AIM OF THE TASK: Could every line of the listing be output exactly, with the pictures skipped?

DATA TO PROCESS:
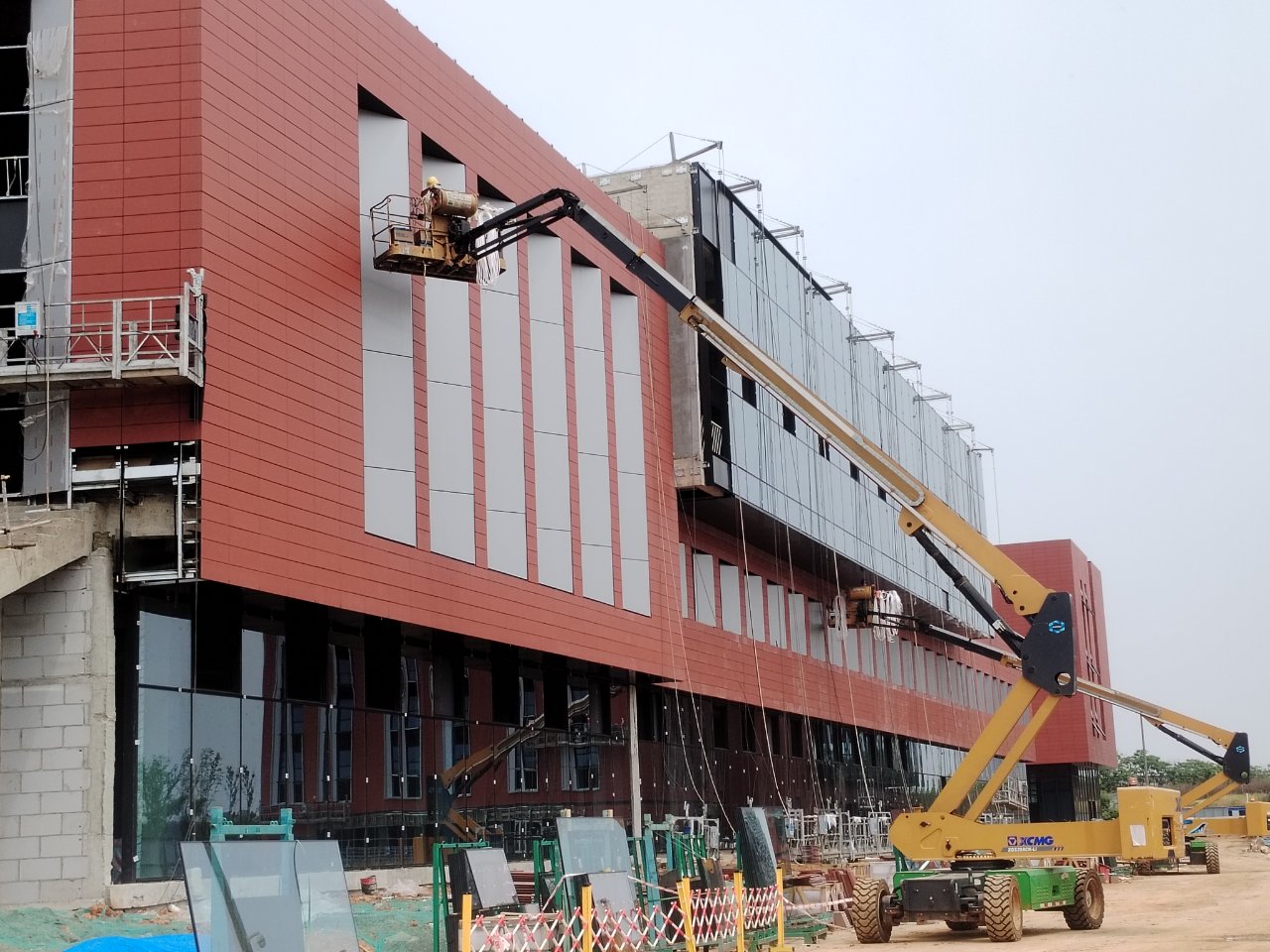 在武漢經(jīng)開區(qū)中國(guó)電子云研發(fā)基地一期項(xiàng)目中,徐工2臺(tái)XGS28ACK-Li電動(dòng)直臂式高空作業(yè)平臺(tái)以“零排放、高精度、智能化”的核心優(yōu)勢(shì),為數(shù)據(jù)中心鋼結(jié)構(gòu)安裝及外立面部署提供了高效解決方案。該項(xiàng)目作為國(guó)內(nèi)信創(chuàng)云領(lǐng)域的標(biāo)志性工程,總建筑面積達(dá)30萬平方米,聚焦人工智能、云平臺(tái)等前沿技術(shù),對(duì)施工環(huán)境潔凈度、能源效率及安全管理提出嚴(yán)苛要求。
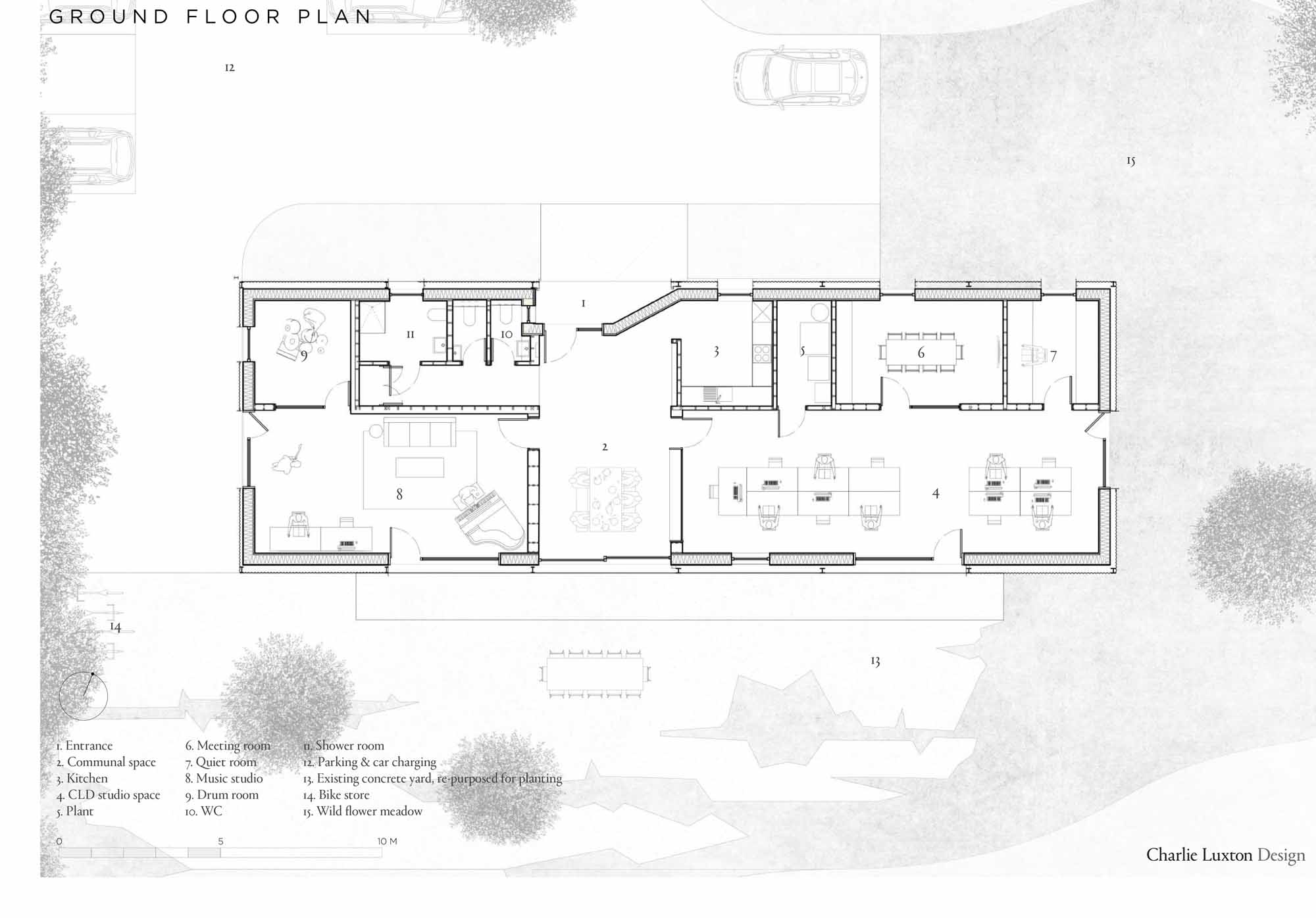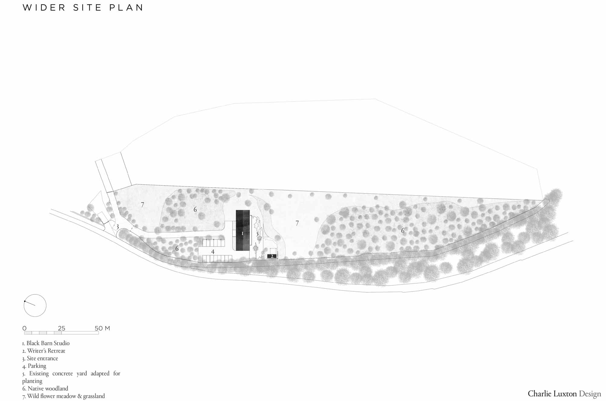 Charlie and his wife Kate, who is CLD’s studio manager, were finishing their own house next door when this three-and-a-halfacre plot came up for sale. It had been used to keep horses and had a steel-framed barn surrounded by heavily grazed paddock. The CLD team had been working in Charlie and Kate’s old thatch cottage down the road, but this site offered the perfect opportunity to create a purpose-built studio.
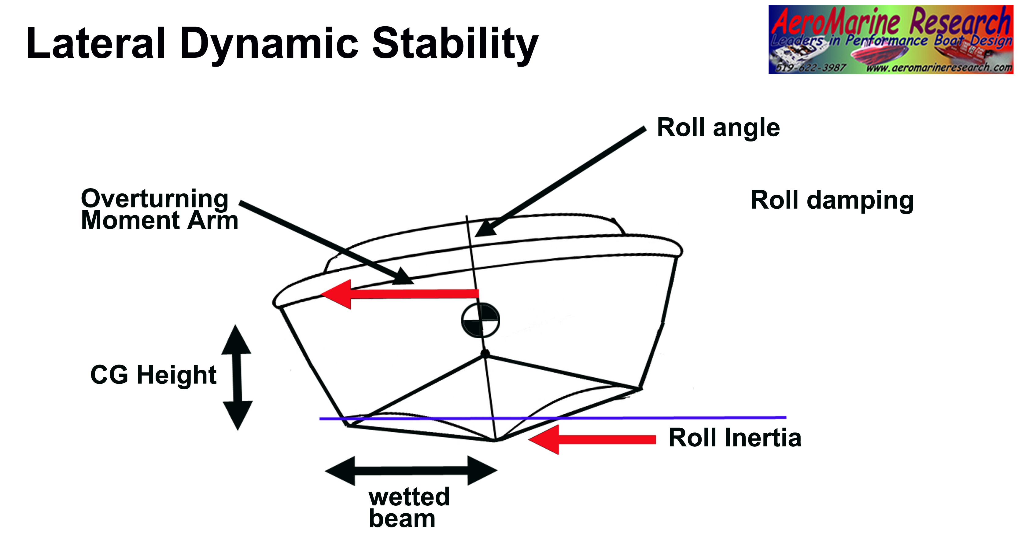 What Is Lateral Dynamic Stability? So, lateral stability can not determined solely by static balance (which is what most naval analysis software does). A hull may have positive restoring stiffness and still be dynamically unstable if roll energy persists or amplifies as speed increases. This distinction explains why some boats appear stable at low speed yet develop chine walk or violent roll oscillations at higher speeds. Dynamic lateral stability is governed by three interacting factors: ·
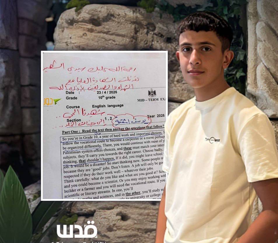 Ahmed Atallah, un professeur palestinien, partage une photo de la copie d'examen d'anglais de son élève, Yusuf Ashtiyeh, tué alors qu'il quittait son école lors d'un raid sur la ville de Naplouse, en Cisjordanie occupée.
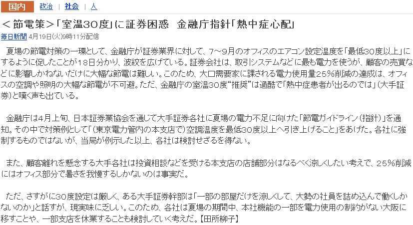 役人がキチガイ過ぎてヤバい。30℃設定とか、死ぬわ(苦笑)
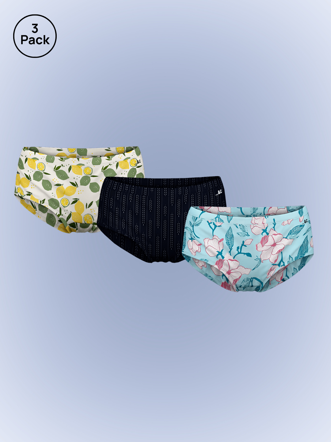 WOMEN'S HIPSTER BRIEF - PACK OF 3 - PRINTS & JET
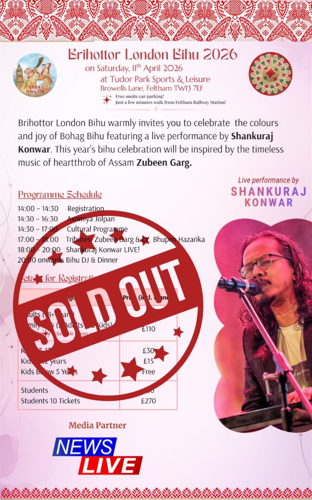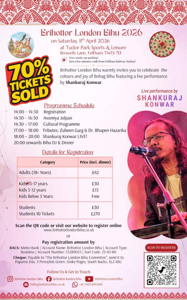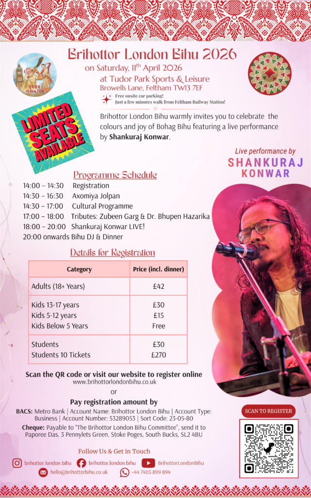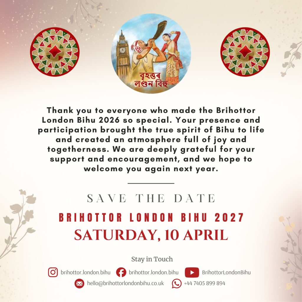 We are thrilled to invite you to yet another grand celebration of Brihottor London Bihu on Saturday, 11th April 2026, in Feltham. Seats are limited, so reserve yours now!
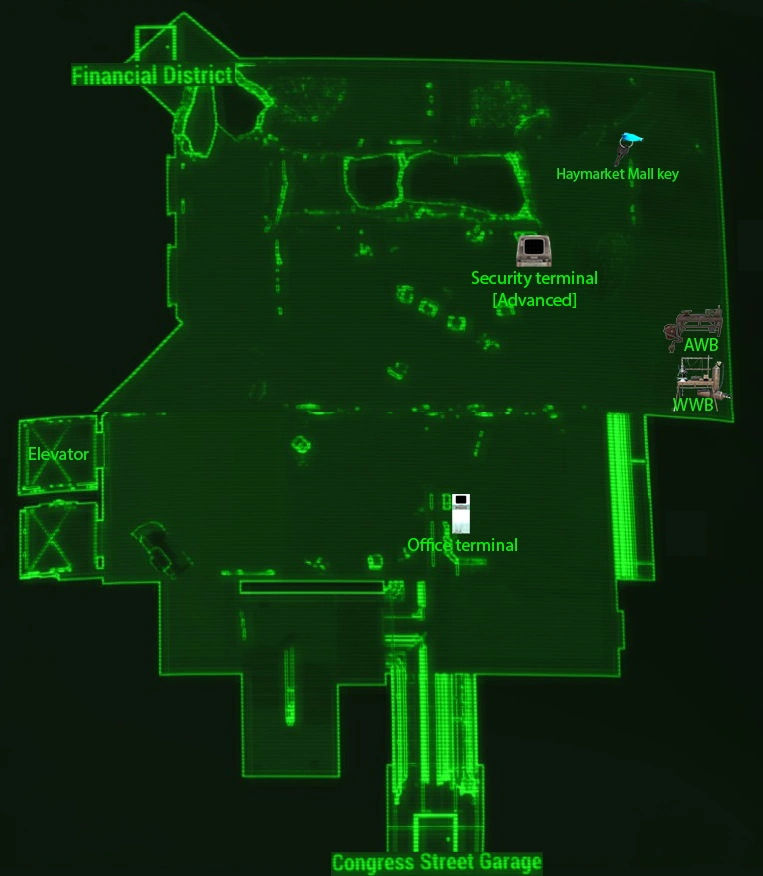 An Expert locked door to the Congress Street garage, an unmarked underground parking garage, can be found in the back of the building. This door can be unlocked by the Haymarket Mall key, which is carried by a random raider inside the building.
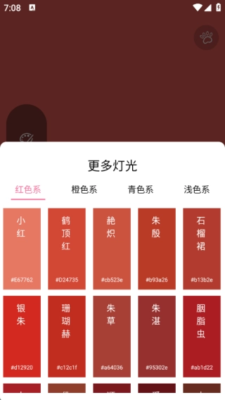点击氛围灯后,可选择多种不同灯光,这些灯光还按照不同色系进行了分类。
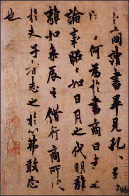 歐陽詢以楷書著名,其實他的行書也很出色,其中以《夢奠帖》為最佳。《夢奠帖》全稱《仲尼夢奠帖》。郭天錫在跋中曰:“此本勁險刻歷,森森然如武庫之戈戟,向背轉折深得二王風氣,世之歐行第一書也!
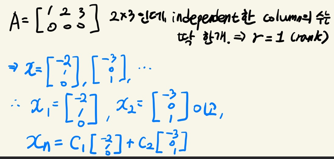 이 경우, Ax=0을 만족하는 x는 2가지 vector 가 나올 수 있고,

RESPONSE TO THE EXERCISE:
 在武漢經(jīng)開區(qū)中國(guó)電子云研發(fā)基地一期項(xiàng)目中,徐工2臺(tái)XGS28ACK-Li電動(dòng)直臂式高空作業(yè)平臺(tái)以“零排放、高精度、智能化”的核心優(yōu)勢(shì),為數(shù)據(jù)中心鋼結(jié)構(gòu)安裝及外立面部署提供了高效解決方案。該項(xiàng)目作為國(guó)內(nèi)信創(chuàng)云領(lǐng)域的標(biāo)志性工程,總建筑面積達(dá)30萬平方米,聚焦人工智能、云平臺(tái)等前沿技術(shù),對(duì)施工環(huán)境潔凈度、能源效率及安全管理提出嚴(yán)苛要求。
 Charlie and his wife Kate, who is CLD’s studio manager, were finishing their own house next door when this three-and-a-halfacre plot came up for sale. It had been used to keep horses and had a steel-framed barn surrounded by heavily grazed paddock. The CLD team had been working in Charlie and Kate’s old thatch cottage down the road, but this site offered the perfect opportunity to create a purpose-built studio.
 What Is Lateral Dynamic Stability? So, lateral stability can not determined solely by static balance (which is what most naval analysis software does). A hull may have positive restoring stiffness and still be dynamically unstable if roll energy persists or amplifies as speed increases. This distinction explains why some boats appear stable at low speed yet develop chine walk or violent roll oscillations at higher speeds. Dynamic lateral stability is governed by three interacting factors: ·
 Ahmed Atallah, un professeur palestinien, partage une photo de la copie d'examen d'anglais de son élève, Yusuf Ashtiyeh, tué alors qu'il quittait son école lors d'un raid sur la ville de Naplouse, en Cisjordanie occupée.
 役人がキチガイ過ぎてヤバい。30℃設定とか、死ぬわ(苦笑)
 WOMEN'S HIPSTER BRIEF - PACK OF 3 - PRINTS & JET
 We are thrilled to invite you to yet another grand celebration of Brihottor London Bihu on Saturday, 11th April 2026, in Feltham. Seats are limited, so reserve yours now!
 An Expert locked door to the Congress Street garage, an unmarked underground parking garage, can be found in the back of the building. This door can be unlocked by the Haymarket Mall key, which is carried by a random raider inside the building.
点击氛围灯后,可选择多种不同灯光,这些灯光还按照不同色系进行了分类。
 歐陽詢以楷書著名,其實他的行書也很出色,其中以《夢奠帖》為最佳。《夢奠帖》全稱《仲尼夢奠帖》。郭天錫在跋中曰:“此本勁險刻歷,森森然如武庫之戈戟,向背轉折深得二王風氣,世之歐行第一書也!
 이 경우, Ax=0을 만족하는 x는 2가지 vector 가 나올 수 있고,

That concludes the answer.